September 2019
Simão Moraes Sarmento, simao.moraes.sarmento@tecnico.ulisboa.pt
Pairs Trading is one of the most valuable market-neutral strategies used by hedge funds. It is particularly interesting as it overcomes the arduous process of valuing securities by focusing on relative pricing. By buying a relatively undervalued security and selling a relatively overvalued one, a profit can be made upon the pair's price convergence. However, with the growing availability of data, it became increasingly harder to find rewarding pairs. In this work, we address two problems: (i) how to find profitable pairs while constraining the search space and (ii) how to avoid long decline periods due to prolonged divergent pairs. To manage these difficulties, the application of promising Machine Learning techniques is investigated in detail. We propose the integration of an Unsupervised Learning algorithm, OPTICS, to handle problem (i). The results obtained demonstrate the suggested technique can outperform the common pairs' search methods, achieving an average portfolio Sharpe ratio of 3.79, in comparison to 3.58 and 2.59 obtained by standard approaches. For problem (ii), we introduce a forecasting-based trading model, capable of reducing the periods of portfolio decline by 75%. Yet, this comes at the expense of decreasing overall profitability. The proposed strategy is tested using an ARMA model, an LSTM and an LSTM Encoder-Decoder. This work's results are simulated during varying periods between January 2009 and December 2018, using 5-minutes price data from a group of 208 commodity-linked ETFs, and accounting for transaction costs.

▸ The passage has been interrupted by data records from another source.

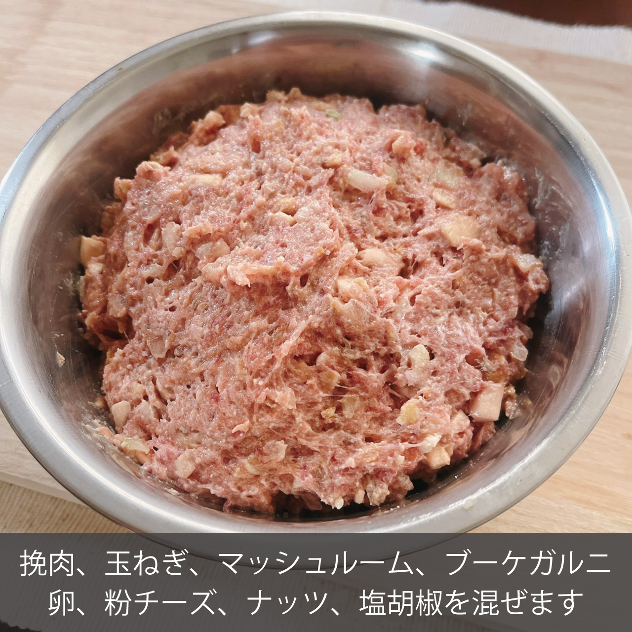 挽肉、玉ねぎだとハンバーグのような食感になりますが、マッシュルームとナッツを入れる事により食感にアクセントがプラスされます。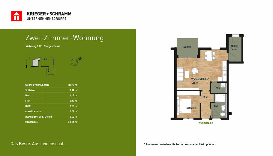 Somit umfasst dieses Projekt ein rundes Angebot für Alleinstehende, Paare und Investoren, die bereits heute schon an morgen denken.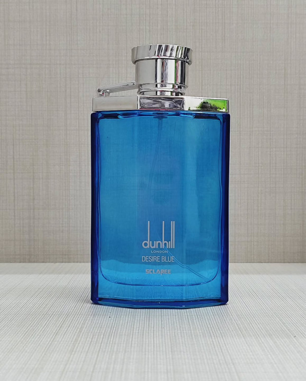 ادکلن دانهیل موجود در تصویر، دانهیل دیزایر بلو (Dunhill Desire Blue) است. این عطر مردانه در سال 2002 به بازار عرضه شد و توسط فیلیپ رومانو ساخته شده است. "دانهیل دیزایر بلو" عطری با رایحه معطر سبز است. نتهای بالایی آن شامل لیچی، پرتقال ماندارین، نیلوفر آبی و ترنج است. نتهای میانی شامل نتهای دریایی، پرتقال و چوب بلسان بنفش برزیلی است. نتهای پایه نیز شامل دانه تونکا، مشک، کهربا و بنزوئین است.

This repository contains all the code developed to produce the results presented in Thesis.pdf.
A detailed explanation concerning the code organization can be found in code_organization.pdf.
- The files have been organized in folders to make this repo tidier. Nevertheless, the code presented in the notebooks and in the training files presumes the class files are in the same directory.
- To rerun the notebooks or the training files the path to the classes must be adapted.
Data available in: https://www.dropbox.com/sh/0w3vu1eylrfnkch/AABttIlDf64MmVf5CP1Qy-XOa?dl=0
- Copy all the required files (data folder + classes + training files) to directory in Google Drive
- Run the notebook in the 'training' folder using google colab.